Andererseits erhöht sich der hydrostatische Druck im Bereich der splanchnischen Kapillaren aufgrund eines Rückstaus im Rahmen der portalen Hypertonie (GEROK et al. 2000, SUTER 2001a, FLEIG 2004). Eine erhöhte Kapillarpermeabilität spielt nach FLEIG (2004) und SUTER (2001a) für die Pathogenese eine Rolle, sowie eine gesteigerte Lymphproduktion (GEROK et al. 2000, FLEIG 2004). Neben diesen lokalen Faktoren ist eine systemische Störung des Natrium- und Flüssigkeitshaushaltes im Rahmen der Lebererkrankung essentiell für die Entstehung des Aszites (GEROK et al. 2000, SUTER 2001a, FLEIG 2004). So kommt es nach einer Aktivierung des Renin-Angiotensin-Aldosteron-Systems zu einer erhöhten Natriumretention, dadurch zur Wasserretention und folgend zur Aszitesbildung (GEROK et

al. 2000). Ob bei der Pathogenese der Natriumretention eine verminderte Füllung des splanchnischen Gefäßsystems initial auf eine arterielle Vasodilatation durch Vasodilatatoren oder auf eine Verringerung des Flüssigkeitsvolumens durch die Abnahme des hydrostatischen Druckes zurückzuführen ist, wird kontrovers diskutiert (GEROK et al. 2000, DANCYGIER 2003, FLEIG 2004).

2.4.1.4 Hepatische Enzephalopathie

Die hepatische Enzephalopathie (HE) entwickelt sich beim Menschen infolge einer schweren akuten oder chronischen Leberinsuffizienz (DANCYGIER 2003). Es kommt zu mentalen Veränderungen, die sich in Störungen der Konzentrationsfähigkeit, Änderung des Wach-Schlaf-Rhythmuses, neuromuskulären Alterationen, Stimmungsschwankungen mit Depressionen und Desorientierung bis hin zum Koma äußern (DANCYGIER 2003).

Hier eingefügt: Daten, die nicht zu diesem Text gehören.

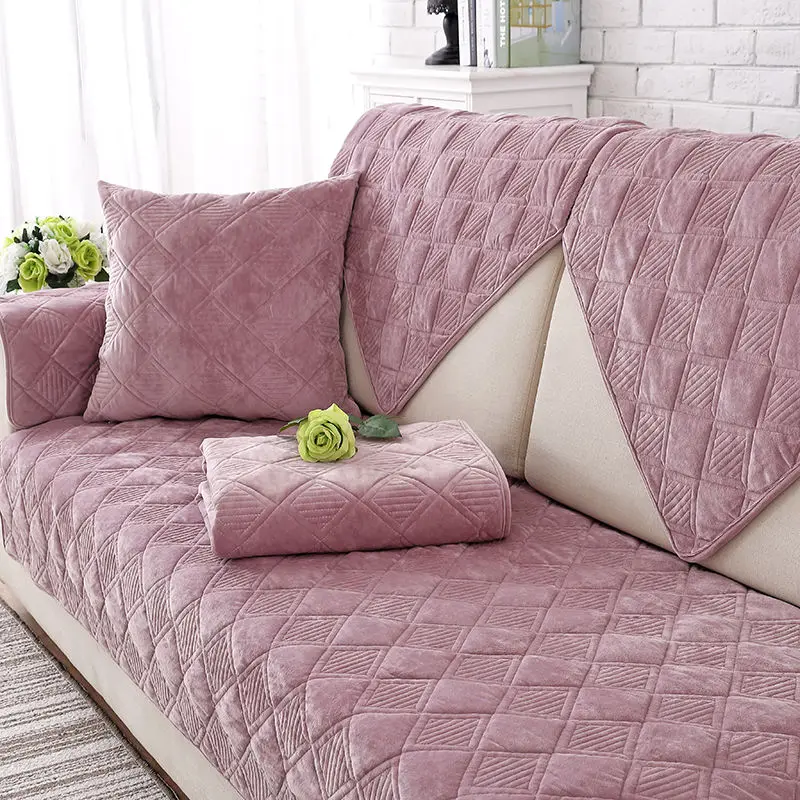 Короткое плюшевое полотенце серого цвета для дивана, Европейский Короткий Плотный стеганый чехол для дивана, нескользящий Европейский чехол для гостиной

Die verminderte Leberleistung oder portosystemische Kollateralkreisläufe führen zu einer unzureichenden Entgiftung des anfallenden Ammoniaks im Harnstoffzyklus oder der Glutaminsynthese mit der Folge einer Erhöhung der Blutammoniakwerte (WEIßENDORN 2000) und einer verminderten Entgiftung der aus dem Darm anfallenden Endotoxine (SUTER 2001a). Ammoniak durchtritt die Blut-Hirn-Schranke und tritt in die Astrozyten ein, was zu einer komplexen Funktionsbeeinträchtigung mit Änderungen der Neurotransmitter-konzentrationen führt (DANCYGIER 2003). Der zerebrale Stoffwechsel wird im Sinne eines Circulus Vitiosus weiter beeinträchtigt und schließlich die Erregungsleitung gestört (DANCYGIER 2003).